To make the technique work, you then top up your current account at weekly intervals, withdrawing from each of your Goals in turn. I find it really reassuring to see the separate pots of money all marked out.

Make a ‘Monthly Extras’ Goal

This is for all the extra things you might want to buy that aren’t essential. It could be anything from clothes to toiletries, the hairdresser, birthday presents or spending money on a weekend away. I’m currently spending all my extra income on my upcoming wedding (who knew canapés were so expensive?), so sadly my monthly extras Goal is rather sorry looking. But in the past my monthly extras pot has come in handy for everything from new outfits to Mother’s Day presents. When you spend on an extra, you then transfer that amount from the Goal to the regular account.

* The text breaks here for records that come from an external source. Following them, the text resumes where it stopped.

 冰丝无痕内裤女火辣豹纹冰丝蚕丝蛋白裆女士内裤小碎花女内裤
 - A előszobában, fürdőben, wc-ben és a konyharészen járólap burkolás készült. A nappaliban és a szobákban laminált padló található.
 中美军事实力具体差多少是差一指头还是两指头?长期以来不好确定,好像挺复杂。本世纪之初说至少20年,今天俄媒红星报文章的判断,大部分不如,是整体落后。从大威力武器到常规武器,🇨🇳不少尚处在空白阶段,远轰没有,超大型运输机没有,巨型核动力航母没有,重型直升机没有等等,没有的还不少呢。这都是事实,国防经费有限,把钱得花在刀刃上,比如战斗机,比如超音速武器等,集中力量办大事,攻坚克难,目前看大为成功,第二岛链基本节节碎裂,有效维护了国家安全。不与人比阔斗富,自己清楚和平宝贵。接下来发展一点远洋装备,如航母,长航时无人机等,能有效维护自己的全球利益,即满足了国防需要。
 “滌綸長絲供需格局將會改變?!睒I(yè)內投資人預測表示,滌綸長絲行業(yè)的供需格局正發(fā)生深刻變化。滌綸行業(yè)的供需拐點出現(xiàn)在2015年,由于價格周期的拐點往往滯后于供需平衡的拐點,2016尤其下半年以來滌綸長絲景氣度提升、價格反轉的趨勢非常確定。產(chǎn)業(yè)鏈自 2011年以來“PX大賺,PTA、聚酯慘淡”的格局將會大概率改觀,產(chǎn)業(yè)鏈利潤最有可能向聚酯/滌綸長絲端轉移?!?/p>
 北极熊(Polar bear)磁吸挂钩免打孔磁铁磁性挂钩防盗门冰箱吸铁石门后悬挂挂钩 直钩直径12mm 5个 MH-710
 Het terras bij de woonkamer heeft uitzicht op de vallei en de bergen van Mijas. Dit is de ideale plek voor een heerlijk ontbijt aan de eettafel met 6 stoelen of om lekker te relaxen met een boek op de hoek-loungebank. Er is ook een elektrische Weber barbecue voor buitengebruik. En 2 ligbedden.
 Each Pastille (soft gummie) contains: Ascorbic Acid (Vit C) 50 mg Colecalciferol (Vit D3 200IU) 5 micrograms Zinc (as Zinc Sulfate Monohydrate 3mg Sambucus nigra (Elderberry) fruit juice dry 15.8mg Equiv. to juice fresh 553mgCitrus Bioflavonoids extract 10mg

It’s up to you how much you put in Monthly Extras – you know how much you’re likely to spend and how much extra you can get away with. The good thing about this pot is you can keep tabs on how many treats you’re allowing yourself each month, without letting things escalate into a full-blown splurge.

Set up at least one savings Goal

Hopefully, after paying your bills, spending a set amount each week and indulging in a few extras, there should be something left over to save. Calculate how much you can afford to save each month without living a miserable existence, and set this aside on payday each month.

Whatever you do, absolutely do not wait until the end of the month to see what you have leftover – that might work for a select few, but most of us will end up spending it.

You may want to have multiple savings pots for things like holidays or Christmas. You may even want to set up a pot for rainy days - the current Coronavirus situation shows just why that can be important. Try not to dip into these savings pots unless you absolutely have to.

I’d love to say I’m organised enough to have a Christmas fund on the go all year, but that would be a lie. I do like to have something put aside for weekends away though – what’s the point in going away if you have to watch the pennies while you’re there?

Budget help

Piggybanking helped me get control over my spending and know where my money was going. It also helped me get out of the red and set aside savings each month. I can’t pretend I’m suddenly some sort of financial guru – I still overspend sometimes. But the end of the month is now a bit less stressful, and I know I should always have enough to cover day to day life, with something left over for a rainy day.